Saturday, August 12, 2006

No Wolf At The Oil Door---CERA

Despite the left side of the political spectrum's incessant attacks against Big Oil [and its analogue, Western Industrial Civilization], Cambridge Energy Research Associates believes that supply will continue to meet or exceed demand, contrary to Chicken Little tree-huggers and scaremongers like Al Gore.

Here is what CERA's research says:
Oil and natural gas production capacity should surge by 25% to 110 million barrels per day by the year 2015 - the result of investments in new and unconventional petroleum sources like oil-sand deposits and oil shale, according to a study conducted by Cambridge Energy Research Associates (CERA).

The report flies in the face of most predictions of peaking oil output that is threatening economic stability.

But the research firm's forecast, if accurate, "would ease the current perception of taut supplies that have driven oil prices up 25% so far this year and 285% since the end of 2001," according to Investor's Business Daily.

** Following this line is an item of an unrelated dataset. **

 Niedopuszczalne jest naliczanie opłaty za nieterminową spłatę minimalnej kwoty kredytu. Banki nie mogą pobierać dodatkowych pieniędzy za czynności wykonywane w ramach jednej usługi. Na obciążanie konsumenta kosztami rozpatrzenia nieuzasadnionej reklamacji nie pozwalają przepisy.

While presently, there are only approximately 2 million barrels worth of spare crude capacity - considerably less than the amount available just 10 years ago - Cambridge predicts there will be some 12 million by 2010.

The group's report does acknowledge the probability of continued oil production declines in the U.S. and Europe's North Sea, but it anticipates considerable increases - especially among OPEC member nations.

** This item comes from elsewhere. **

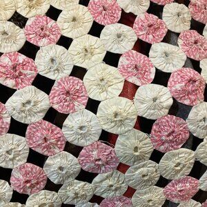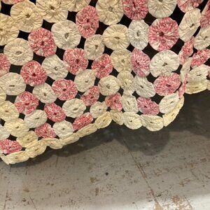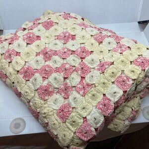 Vtg antique 1930 yo yo yummy hand made quilt 80" x 100" pink/ivory yellow/white

Peter Jackson, CERA's director of oil industry activity, insisted that an increase in production has more than offset the aggregate disruption - thereby generating a net gain in spare production capacity.

"There is not really a supply problem in our view," said report co-author Jackson, according to the Boston Herald. "We see no reason why any reasonable demand level won't be met."

Note that the chief variable assuring increased production anticipates OPEC member nations behaving like rational economic actors. While this may be an optimistic take on the track record of OPEC, which tends to produce voluble unstable leaders of the Chavez or Ahmedinejad variety [or in Nigeria, of the kleptocratic variety], the Gulf producers led by Saudi Arabia should be able to take up a lot of whatever political premium that goes into risk factors on oil production increases.

If the Saudi royals lose control, however, the world oil picture goes into white noise mode and the 800-pound gorilla is at loose in the China Shop.